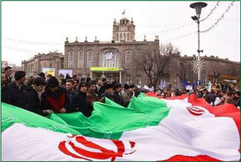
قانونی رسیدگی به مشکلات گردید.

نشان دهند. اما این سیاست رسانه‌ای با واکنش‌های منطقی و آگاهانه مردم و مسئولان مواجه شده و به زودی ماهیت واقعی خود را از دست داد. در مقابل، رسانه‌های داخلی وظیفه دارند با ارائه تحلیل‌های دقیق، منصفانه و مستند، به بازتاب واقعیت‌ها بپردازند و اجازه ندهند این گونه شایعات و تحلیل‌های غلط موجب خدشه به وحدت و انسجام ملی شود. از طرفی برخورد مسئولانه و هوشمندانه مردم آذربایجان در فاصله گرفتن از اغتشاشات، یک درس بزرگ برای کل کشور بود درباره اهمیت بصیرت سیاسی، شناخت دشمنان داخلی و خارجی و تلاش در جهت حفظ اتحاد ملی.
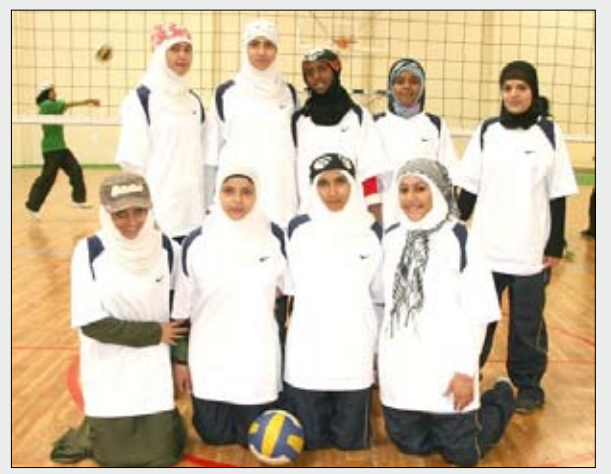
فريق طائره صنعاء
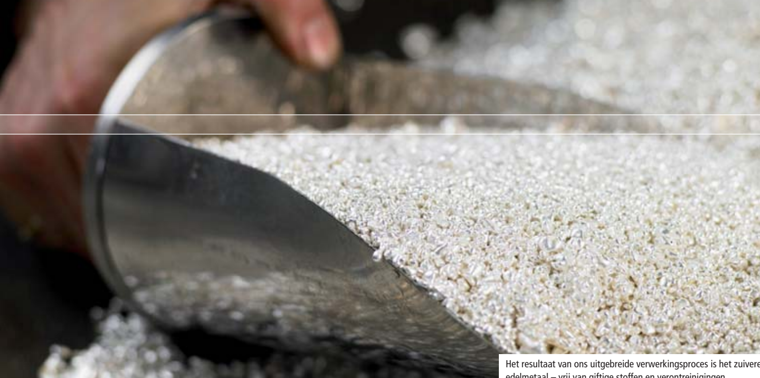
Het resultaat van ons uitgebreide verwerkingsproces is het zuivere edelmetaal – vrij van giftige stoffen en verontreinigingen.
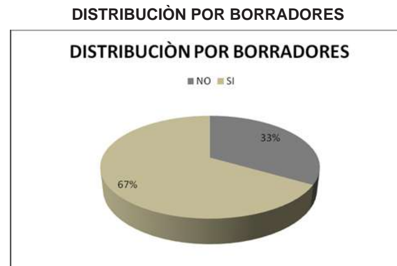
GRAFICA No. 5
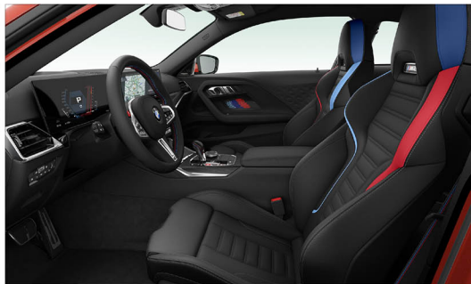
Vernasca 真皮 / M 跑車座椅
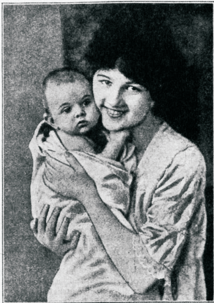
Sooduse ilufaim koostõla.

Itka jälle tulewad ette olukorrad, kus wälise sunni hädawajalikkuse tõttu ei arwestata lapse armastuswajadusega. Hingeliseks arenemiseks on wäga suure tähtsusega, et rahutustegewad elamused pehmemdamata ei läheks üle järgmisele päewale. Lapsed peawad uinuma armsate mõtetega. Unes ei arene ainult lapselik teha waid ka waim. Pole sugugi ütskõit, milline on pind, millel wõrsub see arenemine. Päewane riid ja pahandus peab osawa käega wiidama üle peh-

**********

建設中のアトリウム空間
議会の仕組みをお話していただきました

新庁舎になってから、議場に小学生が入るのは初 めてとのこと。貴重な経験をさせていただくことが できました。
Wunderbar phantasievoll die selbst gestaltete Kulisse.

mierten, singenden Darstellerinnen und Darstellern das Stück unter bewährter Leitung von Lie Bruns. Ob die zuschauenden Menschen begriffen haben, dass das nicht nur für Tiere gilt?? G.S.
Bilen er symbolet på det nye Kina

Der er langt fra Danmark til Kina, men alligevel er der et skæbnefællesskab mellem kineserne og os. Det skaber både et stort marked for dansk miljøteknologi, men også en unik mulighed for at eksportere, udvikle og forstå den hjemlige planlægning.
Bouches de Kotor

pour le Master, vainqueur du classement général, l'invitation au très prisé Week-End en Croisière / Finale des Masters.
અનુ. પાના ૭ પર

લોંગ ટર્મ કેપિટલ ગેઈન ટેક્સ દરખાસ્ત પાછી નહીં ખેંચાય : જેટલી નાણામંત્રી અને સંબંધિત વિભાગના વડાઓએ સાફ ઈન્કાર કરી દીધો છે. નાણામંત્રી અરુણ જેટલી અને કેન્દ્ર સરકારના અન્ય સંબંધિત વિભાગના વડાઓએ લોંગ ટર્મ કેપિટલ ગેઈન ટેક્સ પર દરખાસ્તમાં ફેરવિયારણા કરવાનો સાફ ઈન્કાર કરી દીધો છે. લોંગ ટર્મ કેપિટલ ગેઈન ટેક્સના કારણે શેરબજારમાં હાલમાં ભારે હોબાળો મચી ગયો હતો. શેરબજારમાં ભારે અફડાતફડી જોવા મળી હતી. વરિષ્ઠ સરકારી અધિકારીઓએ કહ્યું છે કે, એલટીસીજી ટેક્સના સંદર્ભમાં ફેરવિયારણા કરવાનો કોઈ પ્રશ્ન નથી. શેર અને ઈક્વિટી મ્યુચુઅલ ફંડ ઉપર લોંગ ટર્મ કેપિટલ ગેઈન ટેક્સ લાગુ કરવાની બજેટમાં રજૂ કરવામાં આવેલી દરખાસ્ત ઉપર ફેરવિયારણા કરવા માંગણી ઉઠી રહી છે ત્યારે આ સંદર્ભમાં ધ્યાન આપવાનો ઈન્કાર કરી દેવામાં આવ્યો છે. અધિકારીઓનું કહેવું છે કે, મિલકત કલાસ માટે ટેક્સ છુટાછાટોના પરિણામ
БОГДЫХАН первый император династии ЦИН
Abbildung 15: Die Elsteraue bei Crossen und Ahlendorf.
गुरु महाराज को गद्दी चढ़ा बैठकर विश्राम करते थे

**********

_INSTRUCTIONS FOR THE TASK_
Take exactly the lines from the one containing "Abbildung 15: Die" through the one containing "गुरु महाराज को" in the data above, and output them with nothing added.

_RESULT FOR THIS TASK_
Abbildung 15: Die Elsteraue bei Crossen und Ahlendorf.
गुरु महाराज को गद्दी चढ़ा बैठकर विश्राम करते थे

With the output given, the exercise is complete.